Мы взяли халаты и натянули бахилы, опасаясь спугнуть призрак хорошего настроения заведующего отделением. Он проводил нас до палаты лично, отмахнувшись от подбежавших было медсестёр, открыл нам дверь и поспешил по коридору дальше.

Бокс был небольшой, но уютный, насколько это определение могло быть применимым к больнице. И вполне современным — не просто две койки и две тумбочки при них. И кровати были хорошие, удобные, и кресла, и столик между ними. Без изысков, но аккуратно и миленько. Ланевский сидел на половине табуретки возле Милы, держа её за руку. Они о чём-то тихо переговаривались, и на нас не обратили ни малейшего внимания. Зато удивила пани Дагмара. На ней был белый махровый халат типа гостиничного, а на голове, поверх тщательно расчёсанных и убранных в элегантную прическу волос, какая-то серебристо-бежевая шляпка с плотной вуалью, закрывавшей жуткий шрам. Она повернула голову в нашу сторону и потянула носом:

— Никак Волк зашёл в гости? Да с гостинцами. От Васи́лько? — голос у неё был гораздо приятнее, чем при первой нашей встрече, а вот нюх всё тот же, феноменальный. Прямо служебно-розыскная бабка.

— Здравствуйте, милые дамы! — опомнился я. — Прошу угоститься перед дорогой, пора освобождать палату для больных, нечего тут здоровым и красивым место занимать. А как про Василя узнала, пани Дагмара?

— Зови уж меня баба Дага, Дима, как и все. А как мне не узнать по запаху наш жемайтский суп? Я же маму Василя рецепту сама научила. Только он, как и Лида-покойница, тмину лишку кладёт.

Вот это номер! Через всю палату, в корзине, в банке, завёрнутой в какой-то плотный плед. С первого вдоха.

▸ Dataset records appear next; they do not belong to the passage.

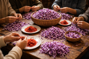 ¿Qué es exactamente la Monda del azafrán? La Monda es el proceso de separación manual y minuciosa de los tres estigmas rojos (las hebras) del resto de la flor morada (Crocus Sativus). Esta tarea se realiza justo después de la recolección, y debe hacerse con suma rapidez para evitar que los estigmas pierdan sus propiedades. Es un trabajo que requiere destreza, paciencia y, sobre todo, muchas manos.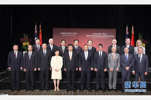 ????新華網(wǎng)悉尼11月19日電(記者魏建華 張小軍)國(guó)家主席習(xí)近平19日在悉尼與澳大利亞總理阿博特共同出席首屆中澳省州負(fù)責(zé)人論壇。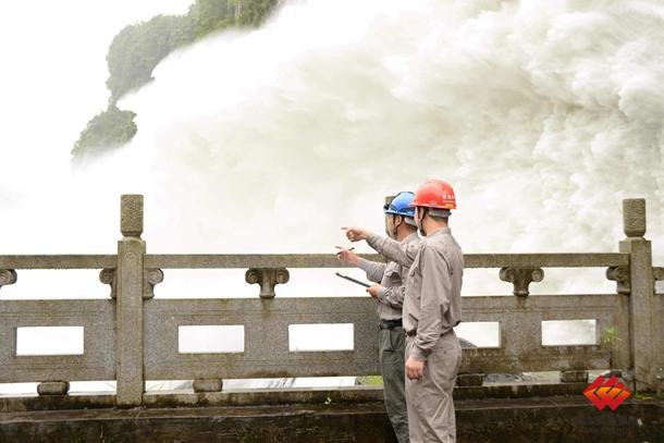 图为恩施水电公司老渡口水电站员工检查泄洪情况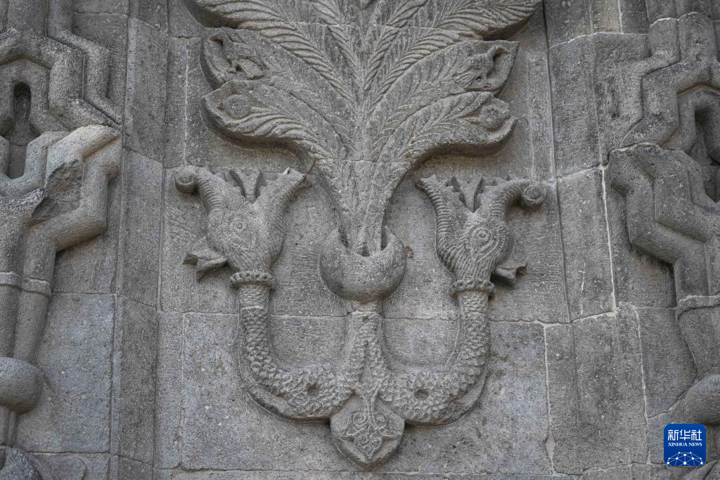這是4月27日在土耳其埃爾祖魯姆一座建筑上拍攝的“雙龍頭”圖案。新華社記者 劉磊 攝

— Баба Дага, давайте так: вы покушайте, соберитесь без спешки, мы часика через два заедем и заберём вас с Милой. Есть важное дело вечером, и без вас никак не решить, — старательно избегая подробностей, предложил я.

— Дело, говоришь? А я-то думаю, что за вонь такая знакомая, могильной гнилью отдаёт. Неужто и тебя Вупыр обработал? — старуха выпрямила спину, наклонилась вперед, чуть опустила голову и развела руки. Выглядела она настороженно и яростно. Как ворона, защищавшая гнездо. — Тоже будешь советовать отдать земли наши этой твари⁈

— Не обижай меня, Дагмара Казимировна, не заслужил, — ответил внутренний реалист с достоинством, но неожиданно сухо. Бабка вздрогнула и словно повела глазами, которых не было, по палате, будто ища того, кто говорил с ней моими словами. — Я встречался со Стасом. И встречусь ещё раз. Надеюсь, последний. Уговор у нас с ним получился. Меняться станем.

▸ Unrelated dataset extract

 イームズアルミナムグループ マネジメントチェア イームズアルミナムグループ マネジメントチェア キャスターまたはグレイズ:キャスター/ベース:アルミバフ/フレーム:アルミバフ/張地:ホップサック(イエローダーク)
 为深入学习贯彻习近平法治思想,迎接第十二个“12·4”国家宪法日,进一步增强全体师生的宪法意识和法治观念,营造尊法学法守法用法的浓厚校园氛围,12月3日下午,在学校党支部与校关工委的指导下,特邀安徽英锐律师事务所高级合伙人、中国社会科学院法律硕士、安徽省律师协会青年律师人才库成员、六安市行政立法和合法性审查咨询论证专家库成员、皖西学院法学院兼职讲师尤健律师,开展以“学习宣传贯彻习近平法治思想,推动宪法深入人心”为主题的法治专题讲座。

— Ну так и меняйся, мы-то вам на что? Я от них, мразей, достаточно натерпелась, мне с ними ни делить, ни менять нечего, — она вскинула подбородок. Гордая. Слабая, бедная, измученная, но не побеждённая. Вот так выглядит подлинный шляхетский гонор, дворянская честь по-здешнему, а не все эти современные глупости и лишние бестолковые понты.

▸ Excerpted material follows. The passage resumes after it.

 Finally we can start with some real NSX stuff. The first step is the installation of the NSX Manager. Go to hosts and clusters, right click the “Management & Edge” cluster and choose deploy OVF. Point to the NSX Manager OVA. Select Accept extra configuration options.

— Он вернёт тебе всё, что обманом забрал у Георгия, — твёрдо сказал я.

— С чего бы ему? Осовестился на старости лет? — недоверчиво-язвительно спросила она.

— А ты отдашь ему сына, — закончил я.

Дагмара прижала руки к щекам. На соседней кровати завозилась Мила, порываясь то ли встать, то ли что-то сказать, но Лорд прошептал ей что-то на ухо и она замерла.

— Ты… — тихо прошептала старуха.

— Я. Отвели Боги сразу удавить подонков, хотя и хотелось очень. И сейчас хочется. Но если можно поменять это дерьмо на ваш покой — я поменяю. А там уж как получится.

— Не верь ему, Дима. Гнилая душа у Мордухаев, слишком долго безнаказанными ходили, ничего святого не осталось в них, — она говорила тихо, встревоженно.

— Я очень мало кому верю, баба Дага. Но мы встретимся сегодня со Стасом. И сына ты ему отдашь. А там — как пойдёт. Кушайте, собирайтесь, мы приедем через два часа. День будет долгим. Серёга, по коням, — обратился я к Ланевскому.

— А я-то вам зачем? — растерянно спросил он.

— Нам ты за всем, — ответил Тёма, опередив меня. — Ты тут вторые сутки без душа и смены белья, а это — моветон! И, наверное, нужно кому-то кольцо купить, правда?

— А? — ум не спешил возвращаться в бывшего банкира.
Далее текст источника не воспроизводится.